Switch your entire development environment in one command.

Install · Quick Start · Commands · Config · Docs


What is dot-man?

dot-man stores your dotfiles in a git repository and uses branches as configuration profiles. Each branch is a complete, deployable snapshot of your environment.

Your Machine                  dot-man Repo               Any Machine
──────────────                ────────────               ───────────
~/.bashrc      ──── save ──►  branch: main  ── deploy ──►  ~/.bashrc
~/.config/nvim ──── save ──►  branch: work  ── deploy ──►  ~/.config/nvim
~/.gitconfig   ──── save ──►  branch: server               ~/.gitconfig

Secrets are never committed.
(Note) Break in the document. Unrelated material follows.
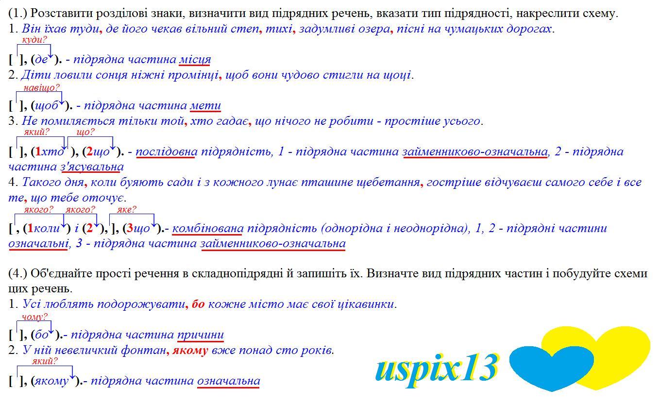 (4.) Об'єднайте прості речення в складнопідрядні й запишіть їх. Визначте вид підрядних частин і побудуйте схеми цих речень.
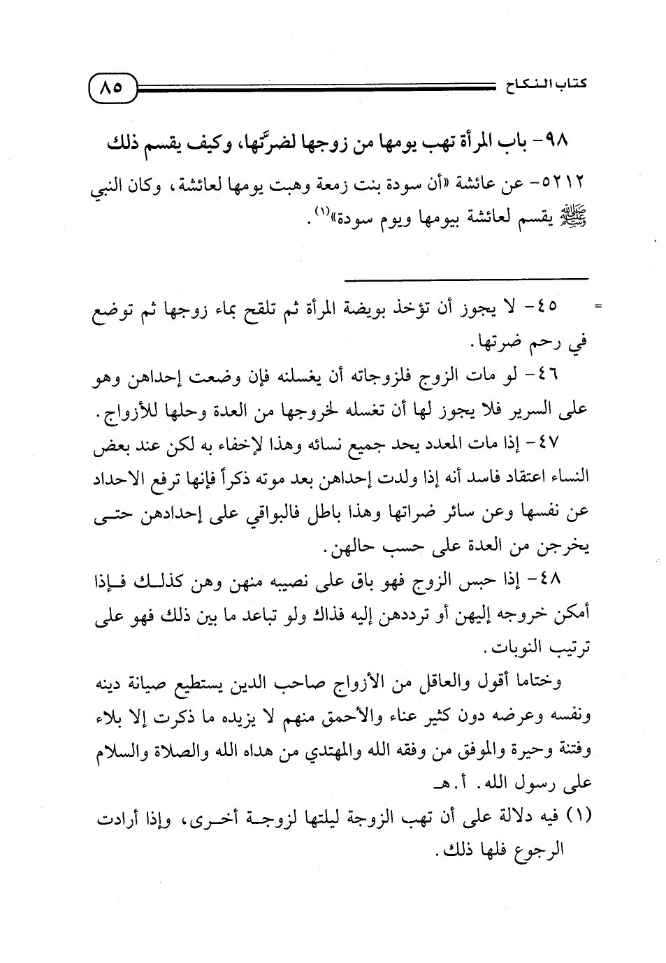 47 - إذا مات المعدد يحد جميع نسائه وهذا لإخفاء به لكن عند بعض النساء اعتقاد فاسد أنه إذا ولدت إحداهن بعد موته ولدا فإنها ترفع الإحداد عن نفسها وعن سائر ضراتها وهذا باطل فالبواقي على أحد ادهن حتى يخرجن من العدة على حسب حالهن.

API keys, tokens and passwords are automatically detected, encrypted locally in a vault, and replaced with hashes in the repository before any commit.


Features

Core

  • 🌿 Git-powered branch profiles
  • 🔐 Automatic secret detection & vault
  • 🔄 Save → switch → deploy in one command
  • ⚡ Pre/post deploy hooks with aliases
  • 🏷️ Tag snapshots for fast rollback

Advanced

  • 🔒 GPG / AGE file encryption
  • 🌍 Import from chezmoi, yadm, stow
  • 📤 Export to tar, zip, JSON
  • 🔍 Auto-discover 30+ dotfile locations
  • 🌐 YAML + TOML config support

Developer

  • 🐚 Shell completions (bash/zsh/fish)
  • 🎨 Syntax-highlighted rich diffs
  • 🩺 doctor and verify diagnostics
  • 📦 PyPI — pip install dotman-git
  • 🔁 Remote sync via dot-man sync

Installation

From PyPI (recommended)

pip install dotman-git

Shell completions are installed automatically on first run.

With pipx (isolated)

pipx install dotman-git

From source

git clone https://github.com/BeshoyEhab/dot-man.git
cd dot-man
pip install .

Verify

dot-man --version

Quick Start

# 1. Initialize — runs an interactive wizard that auto-detects your dotfiles
dot-man init

# 2. Add files manually if needed
dot-man add ~/.bashrc
dot-man add ~/.config/nvim

# 3. Create a "work" profile (branch)
dot-man navigate work
# btw it was "switch" instead of "navigate" untill Bishoy decided to change it to "navigate" for some silly reasons and push that changes so as community help us to make it "switch" again.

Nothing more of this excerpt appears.